### What this task involves:
Return nothing but the lines from the one with "Diamond Issue 10" through the one with "BELLAVOG 1pair Metallic" in the data below, word for word and without pictures.

### Provided material:
- - -

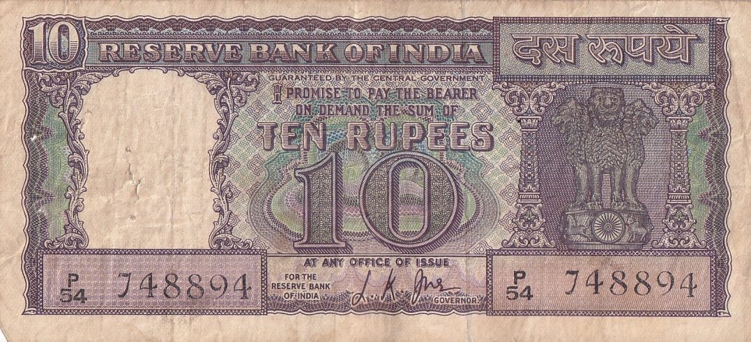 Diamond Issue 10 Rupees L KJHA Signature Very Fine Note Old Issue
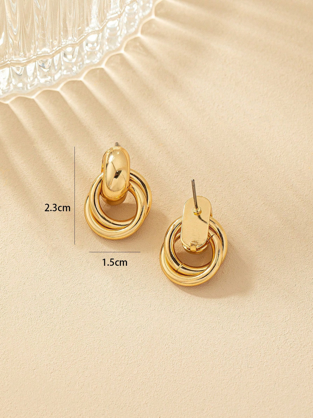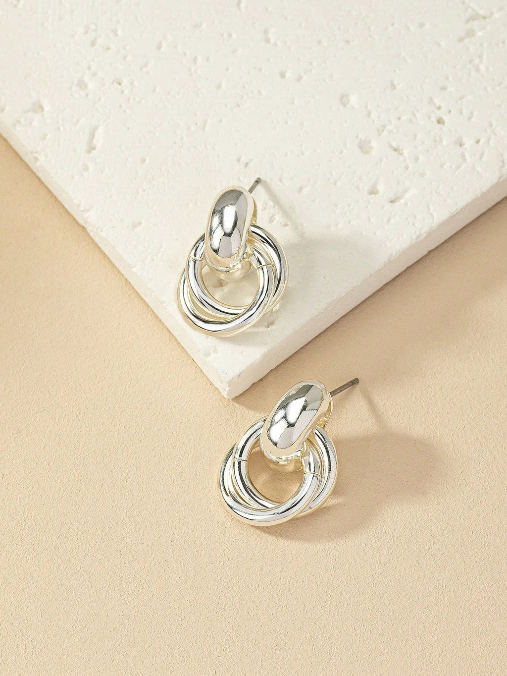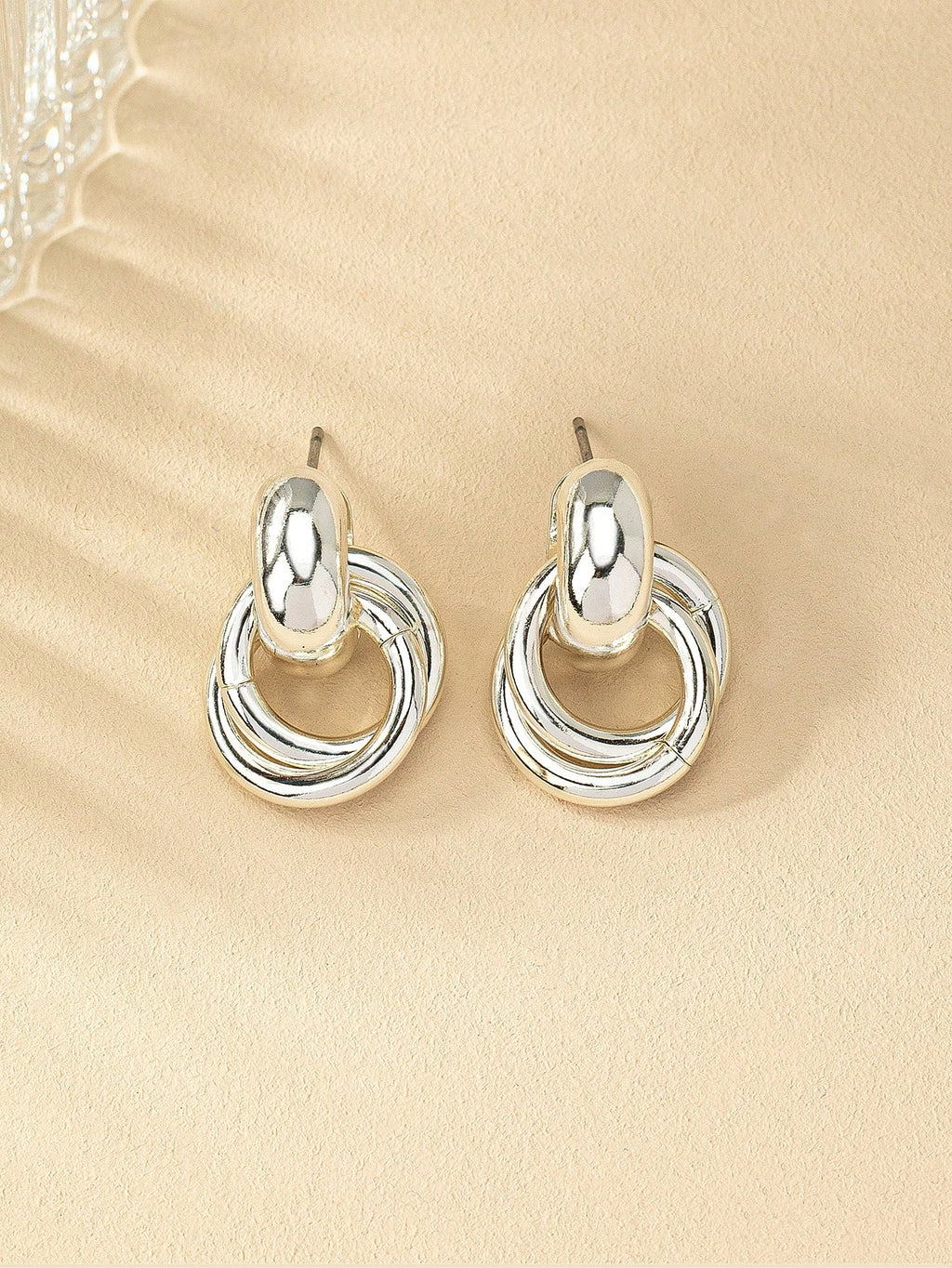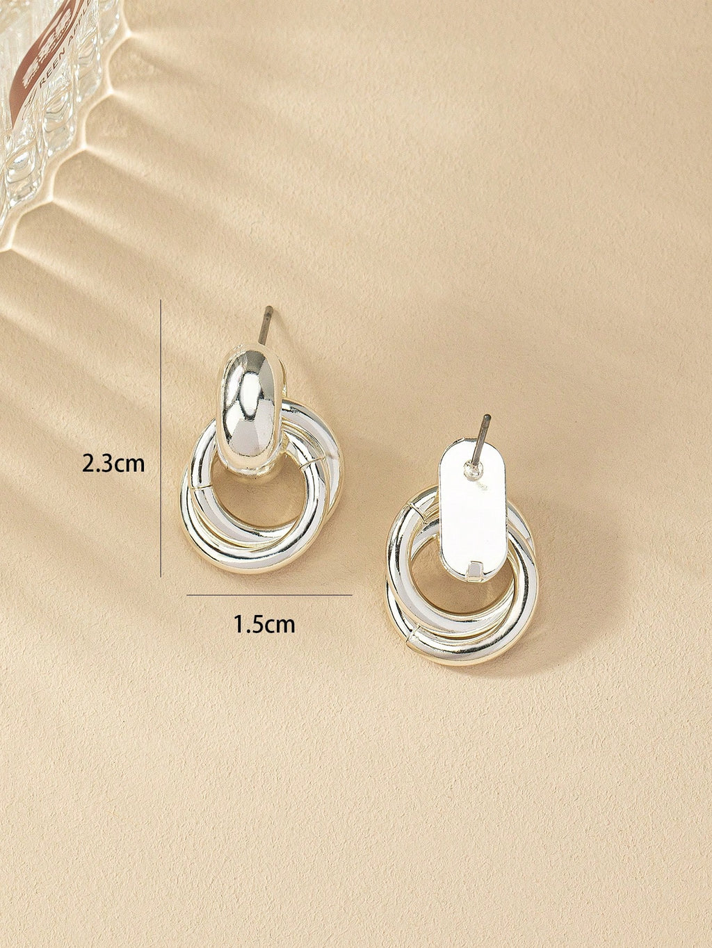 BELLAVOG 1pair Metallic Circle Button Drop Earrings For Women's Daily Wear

- - -

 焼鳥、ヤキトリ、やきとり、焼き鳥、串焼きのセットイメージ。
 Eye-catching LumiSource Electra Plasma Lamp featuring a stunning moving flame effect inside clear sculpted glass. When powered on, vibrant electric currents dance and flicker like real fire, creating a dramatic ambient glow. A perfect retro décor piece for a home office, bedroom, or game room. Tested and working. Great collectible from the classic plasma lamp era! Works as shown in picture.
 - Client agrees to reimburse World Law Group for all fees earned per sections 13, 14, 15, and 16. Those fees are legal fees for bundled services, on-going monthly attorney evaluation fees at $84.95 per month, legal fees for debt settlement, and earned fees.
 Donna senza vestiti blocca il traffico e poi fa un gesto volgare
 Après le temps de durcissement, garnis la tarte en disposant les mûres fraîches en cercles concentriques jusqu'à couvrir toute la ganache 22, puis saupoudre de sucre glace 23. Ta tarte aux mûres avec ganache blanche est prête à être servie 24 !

- - -

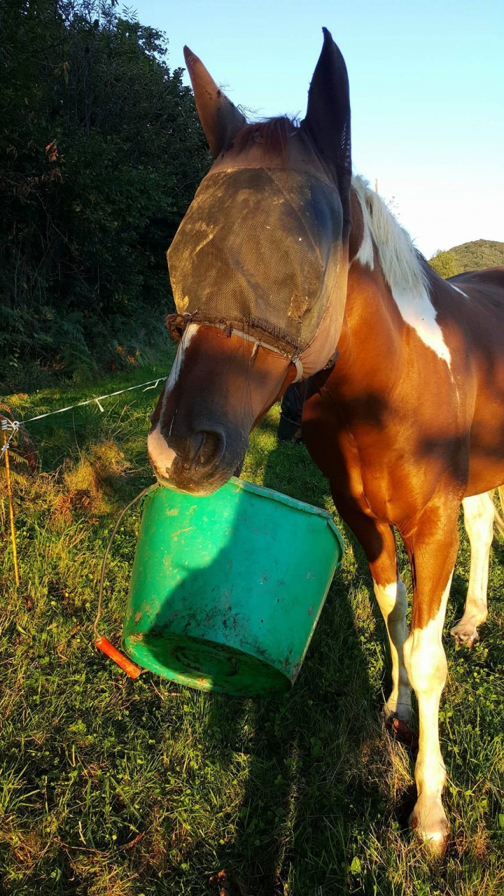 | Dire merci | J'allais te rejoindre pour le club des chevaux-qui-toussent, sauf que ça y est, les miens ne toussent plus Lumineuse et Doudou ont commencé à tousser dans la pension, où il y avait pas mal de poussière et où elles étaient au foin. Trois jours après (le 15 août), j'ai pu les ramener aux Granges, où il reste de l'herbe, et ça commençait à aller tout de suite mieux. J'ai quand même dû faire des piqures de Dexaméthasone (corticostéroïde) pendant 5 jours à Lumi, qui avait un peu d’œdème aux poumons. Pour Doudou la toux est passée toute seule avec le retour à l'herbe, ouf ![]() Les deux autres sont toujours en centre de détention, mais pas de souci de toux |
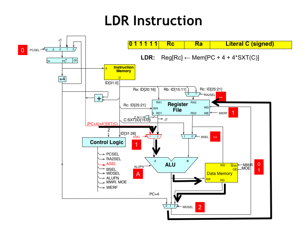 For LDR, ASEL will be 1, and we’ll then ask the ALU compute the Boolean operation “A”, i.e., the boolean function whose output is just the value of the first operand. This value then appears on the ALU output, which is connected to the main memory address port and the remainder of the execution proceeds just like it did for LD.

- - -

### Exercise response:
 Diamond Issue 10 Rupees L KJHA Signature Very Fine Note Old Issue
 BELLAVOG 1pair Metallic Circle Button Drop Earrings For Women's Daily Wear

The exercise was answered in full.